## EXERCISE DIRECTIONS
Produce a word-for-word copy of the line that contains "不知是记者的话太毒辣,还是戳" and each line after it through the end of the material, omitting pictures and all other lines.

## DATA SHOWN
—————

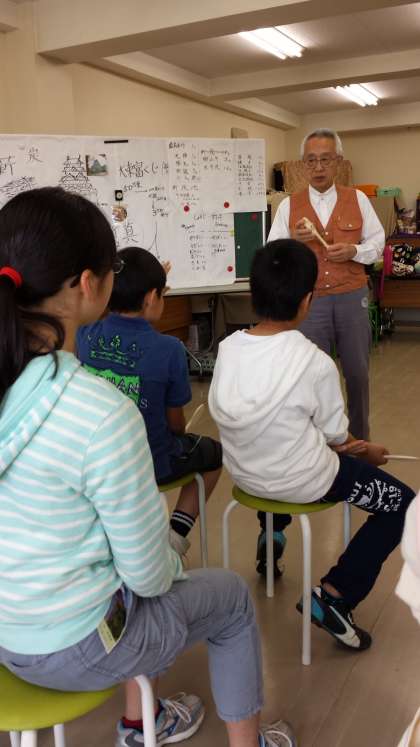 宮島でしゃもじ作りの体験をしています。作り方をしっかりと聞いています。宮島の伝統工芸のすばらしさや奥深さを感じてほしいものです。
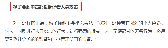 不知是记者的话太毒辣,还是戳中了杨子的敏感点,这篇报道出来后,杨子完全不能接受,气急败坏的要到“中宣部”状告这个记者。
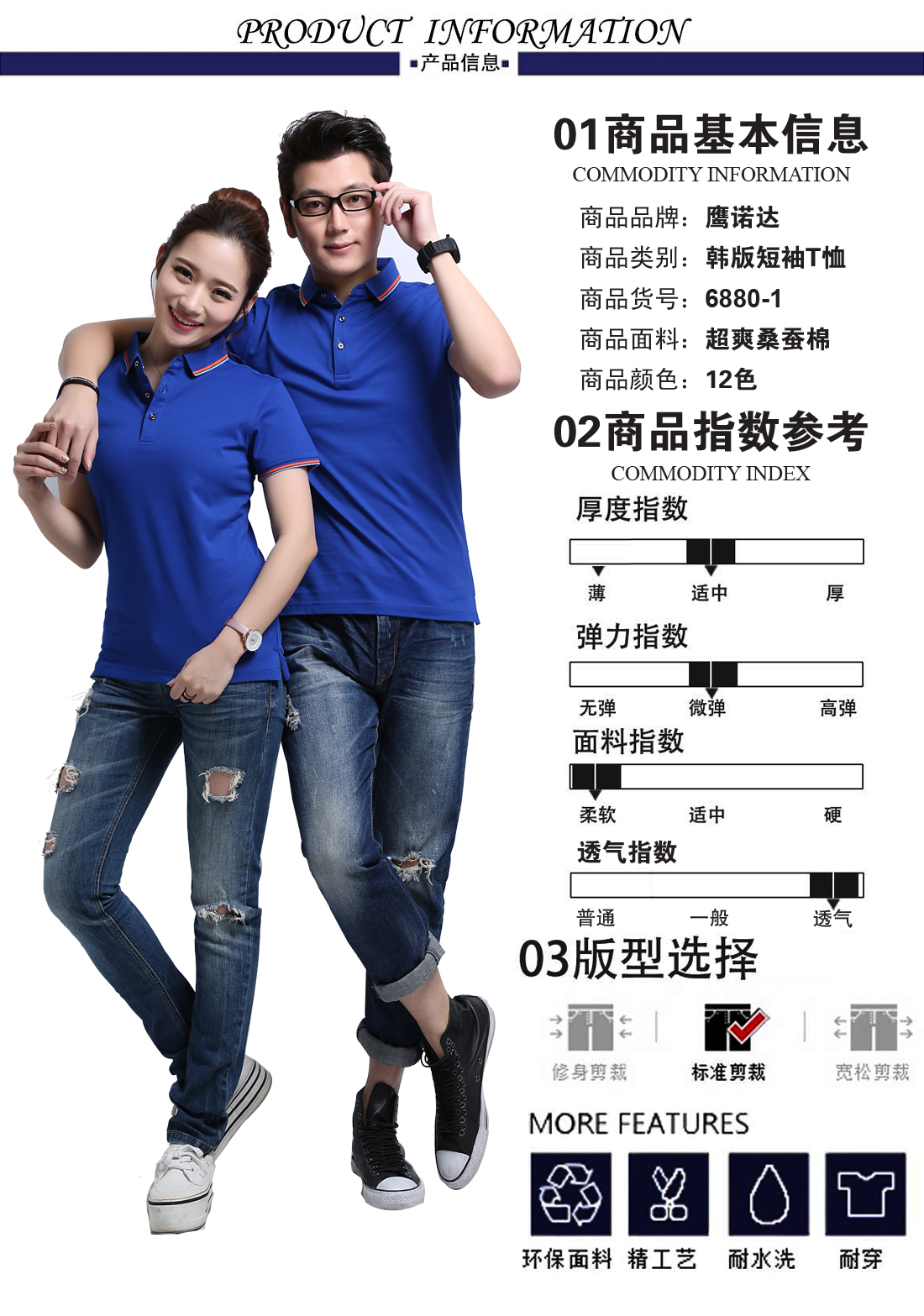 - 游客于 2017-06-20 08:51:05 发表苏州鹰诺服装:牛兰提花翻领超爽蚕丝棉Polo衫ID6880-1

—————

## RESPONSE TO THE TASK
 不知是记者的话太毒辣,还是戳中了杨子的敏感点,这篇报道出来后,杨子完全不能接受,气急败坏的要到“中宣部”状告这个记者。
 - 游客于 2017-06-20 08:51:05 发表苏州鹰诺服装:牛兰提花翻领超爽蚕丝棉Polo衫ID6880-1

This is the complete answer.